• **RAW DATA**
* * * * * * * * *
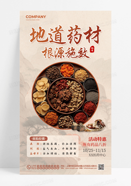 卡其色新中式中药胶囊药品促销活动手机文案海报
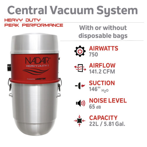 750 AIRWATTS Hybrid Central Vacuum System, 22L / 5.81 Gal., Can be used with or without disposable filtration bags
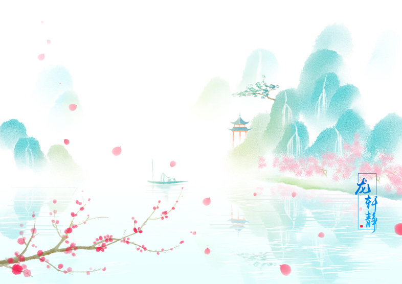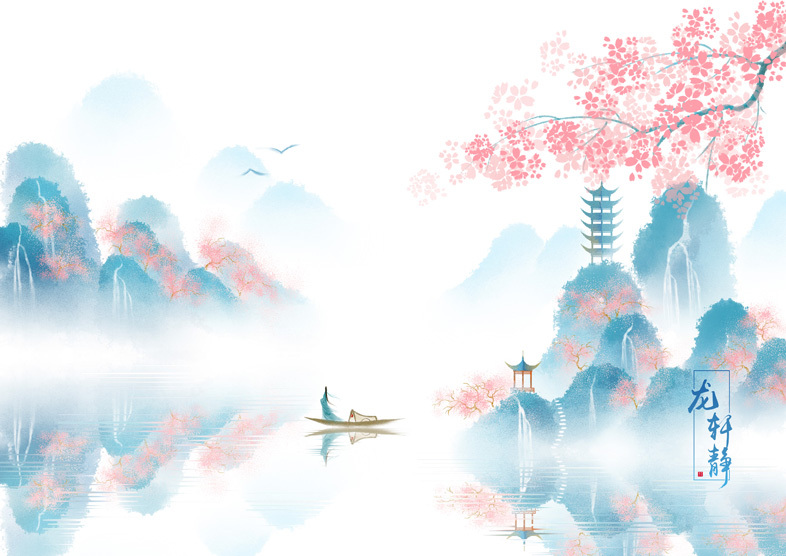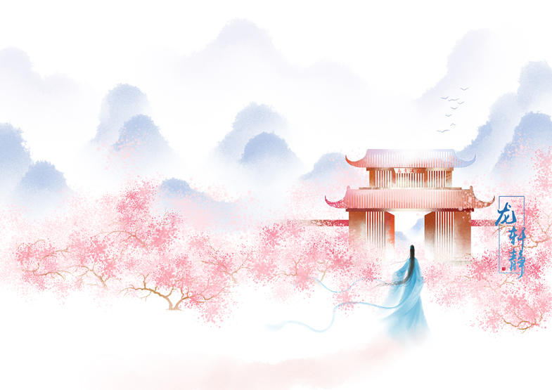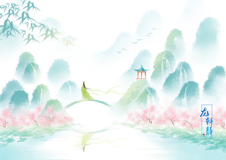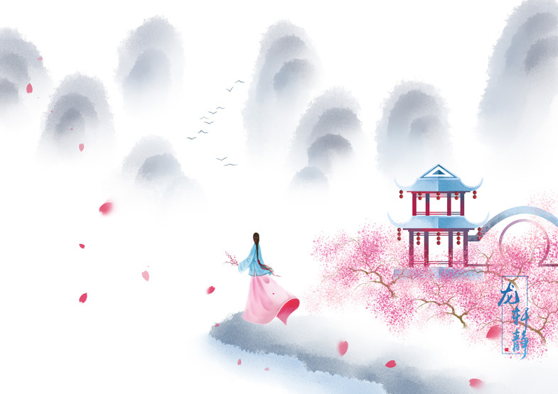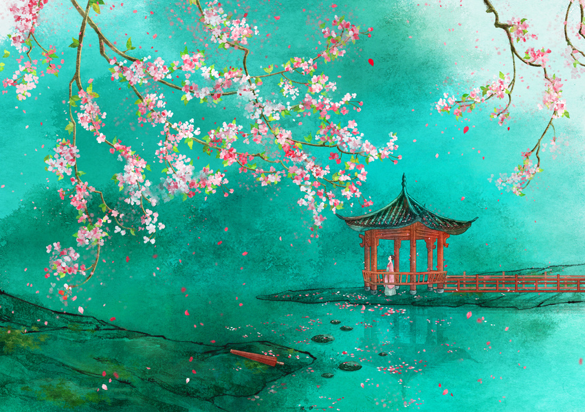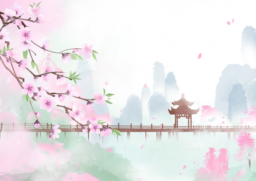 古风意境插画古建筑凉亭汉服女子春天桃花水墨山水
* * * * * * * * *
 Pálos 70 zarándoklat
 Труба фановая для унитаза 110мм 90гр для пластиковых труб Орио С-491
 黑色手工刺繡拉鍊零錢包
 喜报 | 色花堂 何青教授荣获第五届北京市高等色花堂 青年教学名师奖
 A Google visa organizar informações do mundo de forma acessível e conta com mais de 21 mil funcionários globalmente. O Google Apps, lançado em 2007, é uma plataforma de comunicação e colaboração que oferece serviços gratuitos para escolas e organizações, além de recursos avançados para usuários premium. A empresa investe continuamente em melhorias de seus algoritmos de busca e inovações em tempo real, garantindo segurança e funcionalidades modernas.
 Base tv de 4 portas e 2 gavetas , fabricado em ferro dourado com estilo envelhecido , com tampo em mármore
* * * * * * * * *
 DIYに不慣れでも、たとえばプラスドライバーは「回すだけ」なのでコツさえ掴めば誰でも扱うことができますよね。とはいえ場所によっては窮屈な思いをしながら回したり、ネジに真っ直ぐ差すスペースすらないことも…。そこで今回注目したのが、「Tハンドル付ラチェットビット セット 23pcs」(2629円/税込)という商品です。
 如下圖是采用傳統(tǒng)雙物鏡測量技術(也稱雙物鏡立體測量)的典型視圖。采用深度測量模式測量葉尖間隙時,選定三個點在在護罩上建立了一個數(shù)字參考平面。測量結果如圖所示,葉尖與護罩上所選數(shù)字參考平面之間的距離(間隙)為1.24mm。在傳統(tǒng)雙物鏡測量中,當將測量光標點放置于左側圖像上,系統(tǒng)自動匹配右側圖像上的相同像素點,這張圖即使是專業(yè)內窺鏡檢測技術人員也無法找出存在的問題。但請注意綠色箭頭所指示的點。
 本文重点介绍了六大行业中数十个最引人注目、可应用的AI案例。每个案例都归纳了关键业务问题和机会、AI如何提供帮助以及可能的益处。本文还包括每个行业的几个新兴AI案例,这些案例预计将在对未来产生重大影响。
* * * * * * * * *
• **WORK ITEM**
All lines above from the line with "Труба фановая для" through the line with "喜报 | 色花堂 何青教授荣获第五届北京市高等色花堂 青年教学名师奖", both included, are to be set down exactly, with nothing else.

• **ANSWER TO THIS PROBLEM**
 Труба фановая для унитаза 110мм 90гр для пластиковых труб Орио С-491
 黑色手工刺繡拉鍊零錢包
 喜报 | 色花堂 何青教授荣获第五届北京市高等色花堂 青年教学名师奖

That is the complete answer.